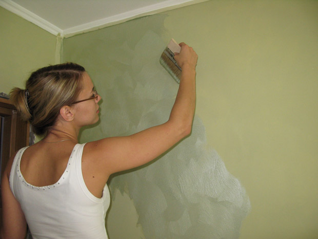 - the initial layer of decorative paint is applied by roller.Method of application and manner depend on the desires of the owner and design ideas. In this case, the design of the coating is created;
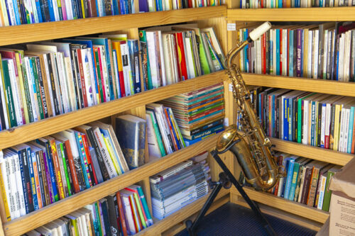 Acervo é disponível para empréstimo durante sua estada no município e sax está a postos para shows
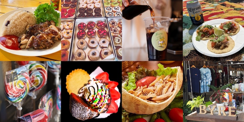 グッドウッドテラス、HUGSY DOUGHNUT、tak beans、メヒカリ、As kebab、Mr Candy、ミルキーフラミンゴクレープ、BYRE
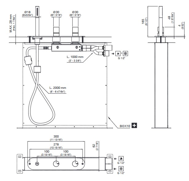 CEA Cartesio Bateria wannowa 3-otworowa na brzeg wanny ze słuchawką prysznicową element zewnętrzny Satin Stainless Steel CAR52S
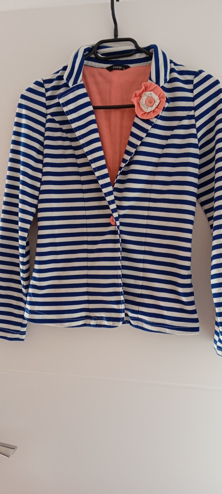 Predám sako vo výbornom stave .Materiál podobný teplakovine , pohodlné na nosenie .Celková dĺžka 53 CM,šírka 34 cm.Rukav od krku 60 cm.Sako má peknú aplikáciu v tvare kvetu na golieri . Farba ako na foto
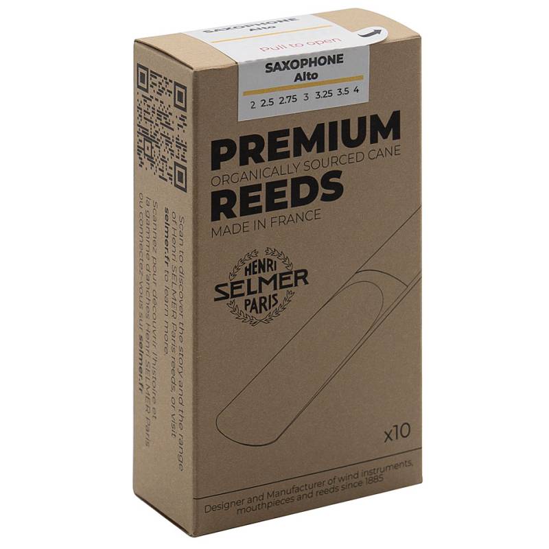 Selmer Premium Alt-Sax Blätter in der Stärke 3.25 · Instrument: Altsaxophon · Material: Rohrholz aus Südfrankreich · Stärke: 3,25 · Zuschnitt: filed · warmer, raumfüllender und flexibler Klang · "Arundo Donax"-Rohr aus biologisch, organischem Anbau mit hohe Faserdichte (ein Jahr längeres Wachstum) · 100 % plastikfreie Verpackung aus Recyclingkarton (FSC Standard) & Kraftpapier · kompostierbarer Blatthalter aus Bio-basiertem Material · Verpackungseinheit: 10 Stück · Produktionsland: 100 % Made in France mit kurzen Lieferketten · Blätter
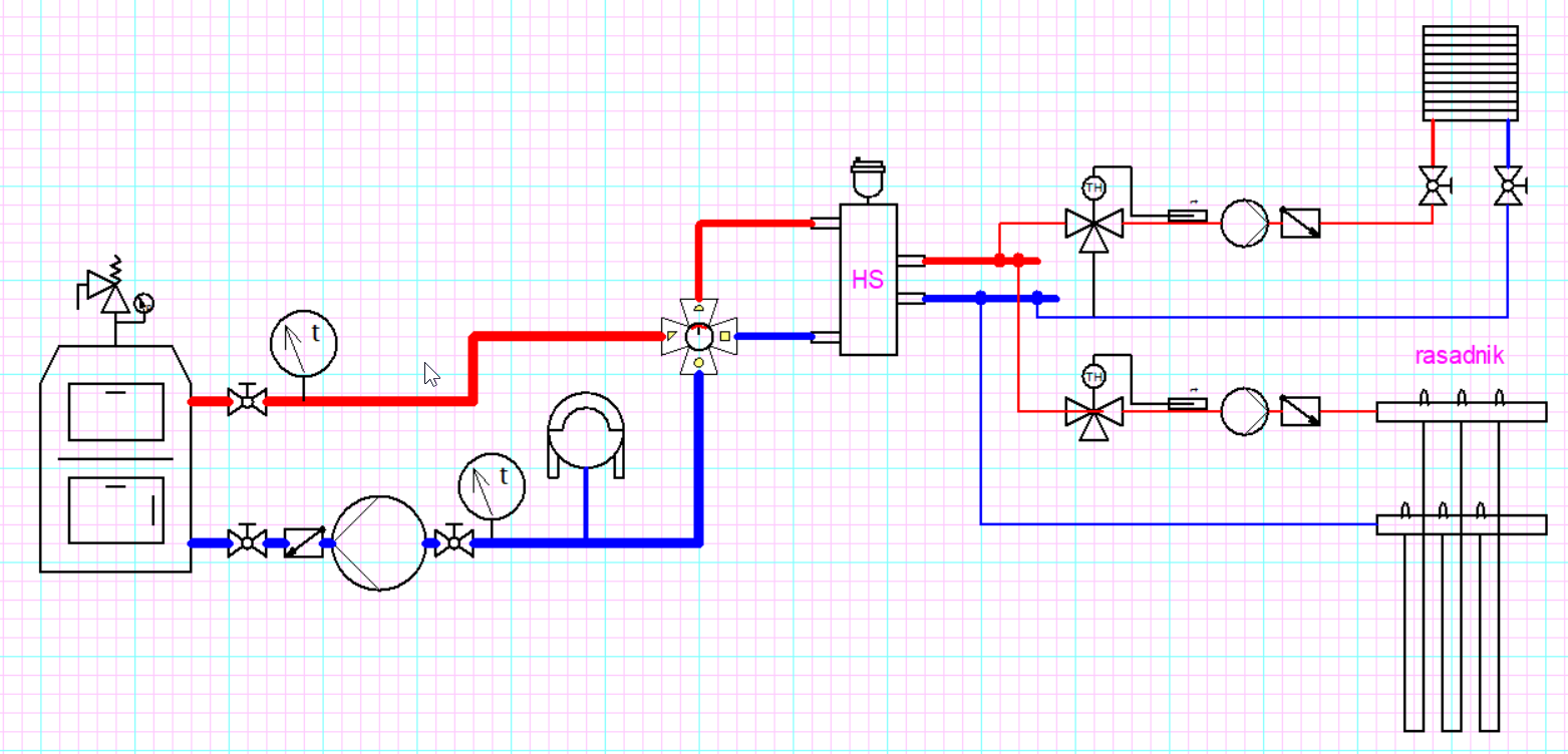 E sad par pitanja. Što si stavio četvorokrake u potrošačke krugove a nijedan u kotlovski (a sad ga imaš), da li oni treba da regulišu polazne temperature ka radijatorima i rasadniku?
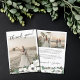 Cartões de agradecimentos de casamento floral com sua linda foto de casamento impressa na frente com obrigado em um roteiro bonito, e um arranjo ilustrado de anêmonos brancos, eucalipto, e verde adorando o canto inferior direito do cartões de agradecimentos de casamento plano. Do outro lado, adicione mais duas fotos da sua foto de casamento, sua obrigado personalizada que você envia, e seus nomes acima de flores brancas mais bonito com verde em tons suaves de verde junto com uma paleta mais profunda de verde-mossy e laranja queimado.

+++

Your answer should be the exact lines above from the one containing "Acervo é disponível" through the one containing "E sad par pitanja.", with both end lines kept and the pictures removed, please.

_Result for this exercise_
 Acervo é disponível para empréstimo durante sua estada no município e sax está a postos para shows
 グッドウッドテラス、HUGSY DOUGHNUT、tak beans、メヒカリ、As kebab、Mr Candy、ミルキーフラミンゴクレープ、BYRE
 CEA Cartesio Bateria wannowa 3-otworowa na brzeg wanny ze słuchawką prysznicową element zewnętrzny Satin Stainless Steel CAR52S
 Predám sako vo výbornom stave .Materiál podobný teplakovine , pohodlné na nosenie .Celková dĺžka 53 CM,šírka 34 cm.Rukav od krku 60 cm.Sako má peknú aplikáciu v tvare kvetu na golieri . Farba ako na foto
 Selmer Premium Alt-Sax Blätter in der Stärke 3.25 · Instrument: Altsaxophon · Material: Rohrholz aus Südfrankreich · Stärke: 3,25 · Zuschnitt: filed · warmer, raumfüllender und flexibler Klang · "Arundo Donax"-Rohr aus biologisch, organischem Anbau mit hohe Faserdichte (ein Jahr längeres Wachstum) · 100 % plastikfreie Verpackung aus Recyclingkarton (FSC Standard) & Kraftpapier · kompostierbarer Blatthalter aus Bio-basiertem Material · Verpackungseinheit: 10 Stück · Produktionsland: 100 % Made in France mit kurzen Lieferketten · Blätter
 E sad par pitanja. Što si stavio četvorokrake u potrošačke krugove a nijedan u kotlovski (a sad ga imaš), da li oni treba da regulišu polazne temperature ka radijatorima i rasadniku?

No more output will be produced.